Pero esa sociedad burocratizada, homogeneizada, normativizada y en consecuencia derrotada no sería posible sin la propia aceptación de la normalidad con que se asume que las cosas son como son y no pueden ser de otra manera. O de la referida añoranza de un antes, cuando las cosas eran mejores. Hay una mentalidad extendida que ha acabado por aceptar que es imposible cambiar las grandes estructuras políticas y sociales. Es la misma mentalidad que conlleva la propia realidad ninguneada, aquella mentalidad de esclavo de la que se hace referencia en El árbol de la ciencia de Pío Baroja. Es el miedo a romper lo cotidiano, de confrontarse uno mismo a su propia realidad individual y colectiva, un temor casi sacralizado, lleno de dudas y vergüenza. En realidad, no es el dominio de una ideología o de una religión sobre la vida lo que crea tal mentalidad, sino el arbitrio de los miedos a través de las reglas y normas que estandarizan la vida, sobre todo cuando hay algo que perder, algo material. Puede llamar la atención que sean las sociedades más prósperas las que hayan conseguido un mayor sometimiento de sus individuos, pero lo son porque estos mismos individuos temen perder esa prosperidad por nimia que sea y eso produce no pocos miedos, por otro lado comprensibles hasta cierto modo.

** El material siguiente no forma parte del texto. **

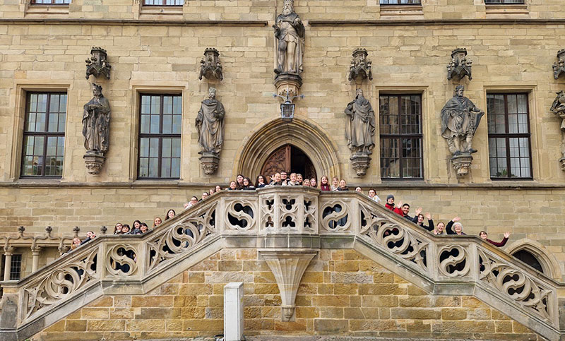 Siebzehn fröhliche italienische Schülerinnen, ein Schüler und zwei Lehrer waren vergangene Woche zu Gast am Wittekind-Gymnasium und haben nach einem typischen deutschen Frühstück die Innenstadt Lübbeckes mit einer Schnitzeljagd erkundet. Zurück in der Schule begannen alle mit der Projektarbeit und recherchierten, wie kleinere und größere Betriebe der Regionen Emilia-Romagna in Italien und Ostwestfalen in Deutschland mit dem Thema Nachhaltigkeit umgehen, welche Konzepte entwickelt wurden und welche Veränderungen diese für ein Unternehmen bedeuten.
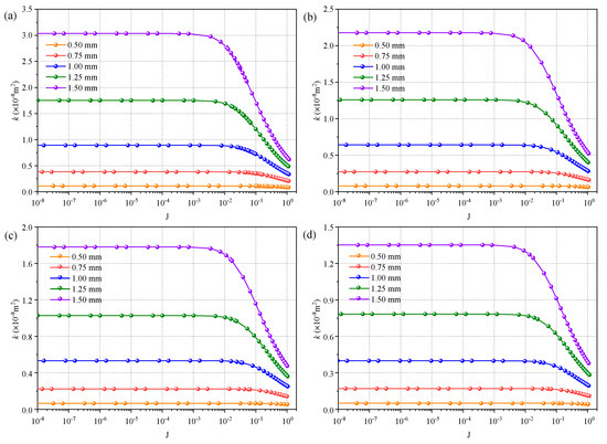 When a small hydraulic gradient is applied to the DFN models, permeability k is constant, which indicates that the fluid flow conforms to laminar flow, ; the permeability is not correlated with the hydraulic gradient; and the flow rate can be calculated using the cubic law. As the hydraulic gradient increases, a nonlinear fluid flow appears, the flow rate does not linearly increase with the increase in hydraulic gradient, and the permeability k decreases gradually. Forchheimer’s equation needs to be considered to compute the fluid flow through DFN models. Figure 5 shows the effect of the hydraulic gradient in the range from 10−8 to 100 on the permeability k with different fracture apertures and fracture segment lengths. Taking the fracture aperture equal to 1.5 mm in Figure 5a as an example, when , k is a constant and the fluid conforms to a laminar flow; when , k dramatically decreases with increasing hydraulic gradient and a nonlinear fluid flow is predominant; when , k slowly decreases with increasing hydraulic gradient and a nonlinear fluid flow begins to appear.

Aldous Huxley mostró ese mecanismo perverso de control social en Un Mundo feliz (1931), pero da un paso más allá al convertir la aceptación en felicidad, más que en sometimiento gris. Va incluso más allá de la mentalidad de esclavo del que habla Baroja, porque el sometido, el gobernado, el individuo objeto de reglas, lo asume todo ello como algo positivo. Es el mecanismo del trabajador agradecido porque el empresario le da trabajo y le paga un salario, sin comprender -sin querer comprender- que hay una prestación de servicios, hay un trabajo que crea una riqueza y que el empresario gestiona. O que los beneficios sociales que el Estado del Bienestar brinda no es un regalo o un don que crece en primavera como las margaritas, sino una consecuencia de mecanismos de actuación social de individuos conscientes de la situación.

Sin embargo, es cierto tiempo también que en ese periodo de entreguerras hay una esperanza de construir una sociedad diferente, se expande un concepto de utopía que mira hacia el futuro y que está muy presente en amplias capas sociales; pero además no sólo surgen nuevas formas de analizar y pensar la sociedad en general, se desarrollan también miradas sectoriales y emancipatorias, como la de las sufragistas o la de las minorías étnicas, los judíos de los que escribe Singer, por ejemplo. Parece que se pudiera ser vagamente optimistas.


No obstante, aparece una literatura que se basa más en distopías, que lanza una advertencia sobre un mundo que no es el que se espera. La experiencia soviética de los años treinta, la de los procesos de Moscú y los gulags, así como la Guerra Civil española o la monstruosidad del nazismo muestran que la mirada de estos escritores no estaba tan desencaminada. Lo que sigue a la segunda guerra mundial no es tampoco para saltar de alegría. La mentalidad legalista y procesalista se ha normalizado por completo. Las democracias han pasado en muchos casos, mal que bien, por el macartismo y sucedáneos. La actitud ante las muertes de migrantes en el Mediterráneo o que la expresión Gran Hermano haya pasado a ser el título de un programa de dudosa calidad, por hablar de dos extremos que tampoco se pueden comparar entre sí, reactualizan a todos esos escritores citados, sin duda también a muchos otros, que han mostrado en sus libros una asfixiante atmósfera de normalidad execrable.